Hello Again Everyone!!

You first arrive at Munsuam Hermitage up a zig-zagging road that winds up Mt. Cheongryangsan. When you finally do arrive at the hermitage, you’ll first realize that Munsuam Hermitage buildings are precariously placed on the very face of the mountain that it resides on. The second thing, or perhaps even the first thing, you’ll realize are the spectacular views of the East Sea, the tiny islands that dot the horizon, and the neighbouring Bohyunsa Temple, which is named after the Bodhisattva of Power: Bohyun-bosal. And all of this can be seen from the hermitage parking lot.

After zig-zagging the final road that leads up to the delicately placed temple courtyard, and after passing by a cute wooden carving with travelers’ rocks placed all around it, you’ll first be greeted by the Hall of 1,000 Buddhas that lies to your immediate left. Underneath this hall is the administrative office, but it’s really the second floor that houses wall-to-wall Buddha statues that really stands out. Sitting under a bright red canopy on the main altar are a triad of statues. In the centre sits Seokgamoni-bul (The Historical Buddha). He’s joined by Jijang-bosal (The Bodhisattva of the Afterlife) to the left and Gwanseeum-bosal (The Bodhisattva of Compassion) to the right. Other than the beautiful one thousand Buddha statues, the ceiling is painted with portraits of various Nahan figures.

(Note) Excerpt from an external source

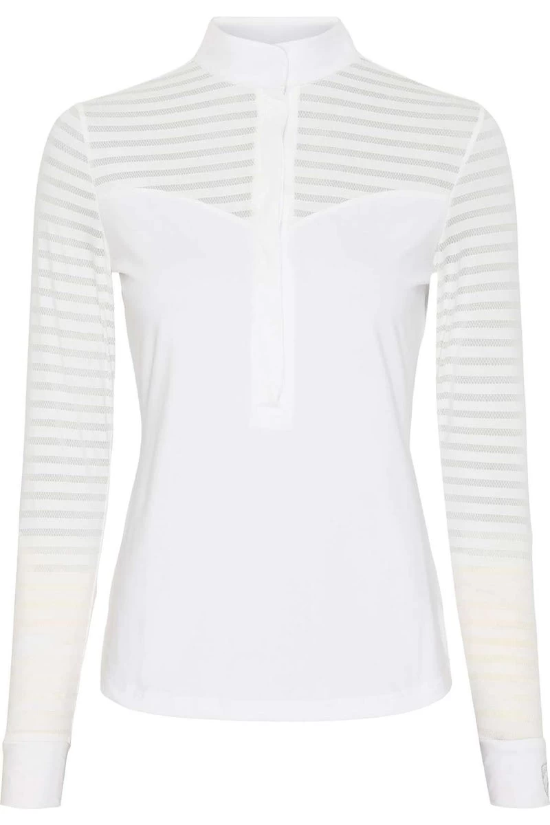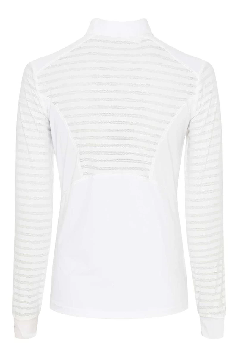 - CATAGO Phelina, eine elegante Turnierbluse aus angenehmem Stretchmaterial, das eine feminine, stilvolle und gute Passform ergibt. Das Stretchmaterial sorgt zugleich für eine größere Beweglichkeit, was diesen Pullover ideal zum Reiten und für Turniere macht. Schön gestaltet mit Streifeneffekten und Druckknöpfen entlang von Kragen und Brust. Die Druckknöpfe aus Metall sind unsichtbar, wenn der Kragen zugeknöpft ist. Der Kragen kann geschlossen, um einen formellen Look zu erzielen, oder geöffnet werden, um ein entspannteres Aussehen zu ergeben. Erhältlich in Weiß und Schwarz.

As you make your way from this lower courtyard, to the upper courtyard, where a handful of other hermitage buildings rest, you’ll pass by a supply building and an observation deck. It’s from this observation deck, which also houses the earthly remains of the renowned monk, Cheongdam, that you’ll get the best view of the sights off in the distanct. Joining these remains are a turtle based stele and a stone statue of Seokgamoni-bul that looks out onto the ocean with you.

Further up the path, and now on the upper courtyard at Munsuam Hermitage, you’ll see the main hall to your right. This hall is surrounded by beautiful Shimu-do, Ox-herding, murals. As for the interior, and sitting all alone on the is a seated statue of Gwanseeum-bosal, who is backed by a red mural of herself. To the left of the main altar is a standing statue of Jijang-bosal, who is backed by an elaborate mural of himself. And on the far left wall hangs a rather uniquely coloured guardian mural. And to the right of the main altar is a statue of an attendant riding a blue lion. This statue is backed by a glass window that looks out onto a neighbouring mountain crevice. And on the right wall is a memorial shrine for the dead.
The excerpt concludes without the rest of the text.